Parents, especially new parents, are notoriously sleep-deprived. One study found that parents of newborns can’t expect to get a decent night’s sleep until their kid turns 6. That’s a lot of lost hours in dreamland. And while sanity might be a mom or dad’s primary motivation for catching up on shuteye, a new study suggests that sleep might even be more important than getting through a day without cracking up. In fact, one study found that consistent, deep sleep could help prevent Alzheimer’s disease. More specifically, deep sleep might help reduce levels of beta-amyloid and tau, two brain waste products that increase the risk of the disease.

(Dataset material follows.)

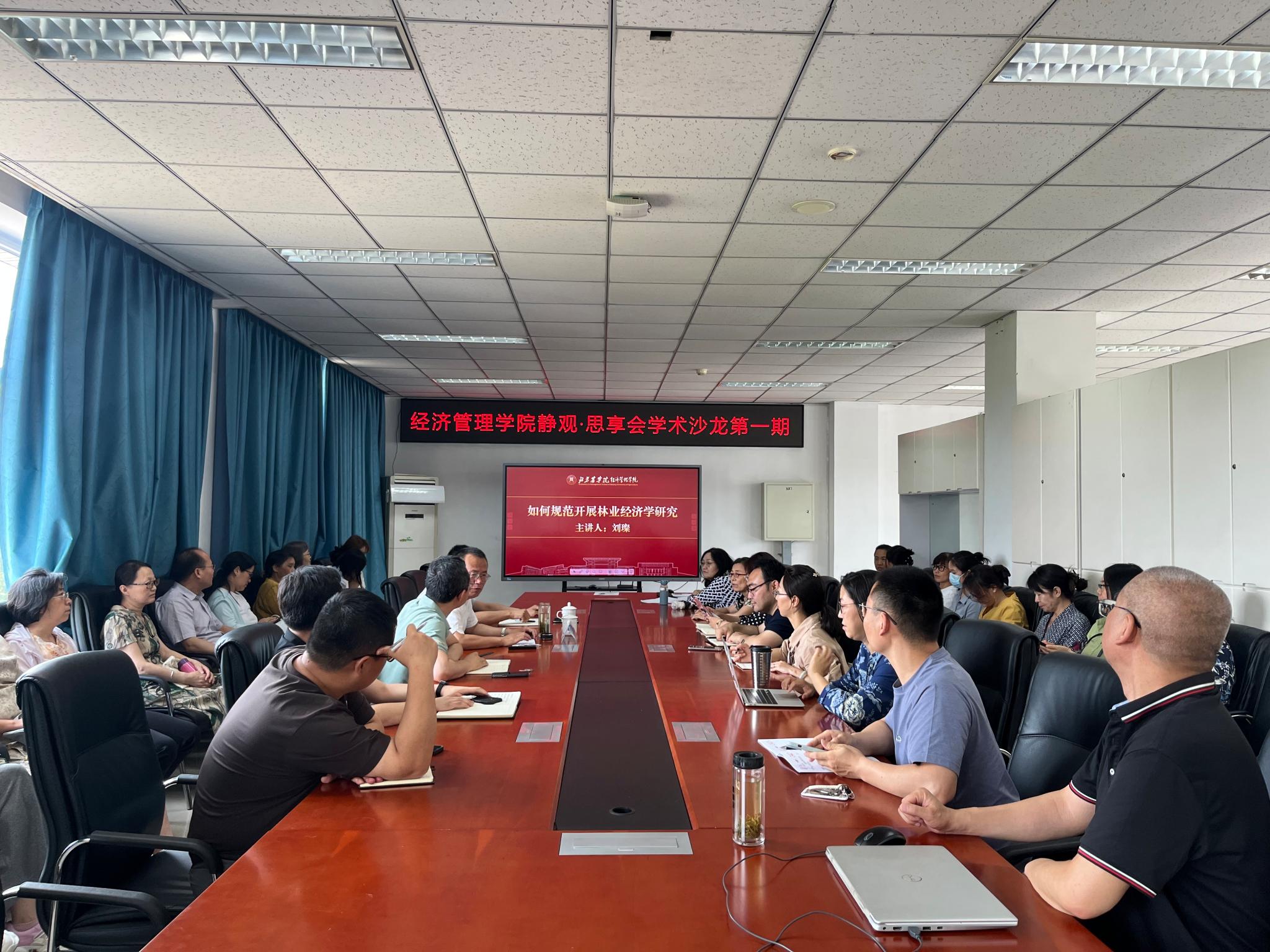 6月18日下午,williamhill英国威廉希尔在经管楼401会议室成功举办了首期“静观·思享会”学术沙龙。此次活动特邀公司高层次人才刘璨教授担任主讲嘉宾。刘璨教授以“如何规范开展林业经济学研究”为题,为公司教师带来了一场精彩的专题报告。沙龙由经理刘铁军主持,公司全体专业教师积极参与。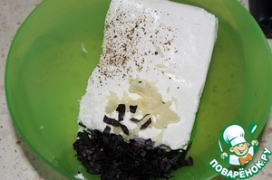 Для творожной массы: в миску выложить творог, посолить, поперчить, добавить порубленный базилик, выдавить чеснок. Тщательно перемешать вилкой.

Walker and his team studied 32 septuagenarians, running brain scans to monitor the levels of beta-amyloid in each one for up to six years. People who got less deep sleep had more beta-amyloid, they found. Other studies have found a similar association between a lack of deep sleep and higher levels of the protein tau in the brain.

“We are now learning that there is a significant relationship between sleep and dementia, particularly Alzheimer’s disease,” Matthew Walker, a professor of neuroscience and psychology at the University of California, Berkeley, told NPR. “There is something about this deep sleep that is helping protect you.”

The working theory, which dates back to a 2013 study, is that deep sleep activates a “dishwasher” in the brain: waves of fluid that flow into the brain during sleep that remove things like beta-amyloid and are preceded by large, slow electrical waves. This “dishwasher” helps clean out your brain every night — and going without it could be disastrous, apparently. Naturally, scientists are now focused on figuring out ways to induce such waves in the hopes without deep sleep, so that they can purposefully activate the processes that “clean” the brain and make dementia less likely.

The news likely won’t help parents get more sleep. After all, squeezing more time out of the day is mostly just about cutting smaller pieces in a pie. And sometimes, sleep just can’t be found — whether a kid is sick or whether a parent is having their first baby jitters, constantly checking the baby monitor. But the study is a sobering reminder that sleepless nights have real consequences.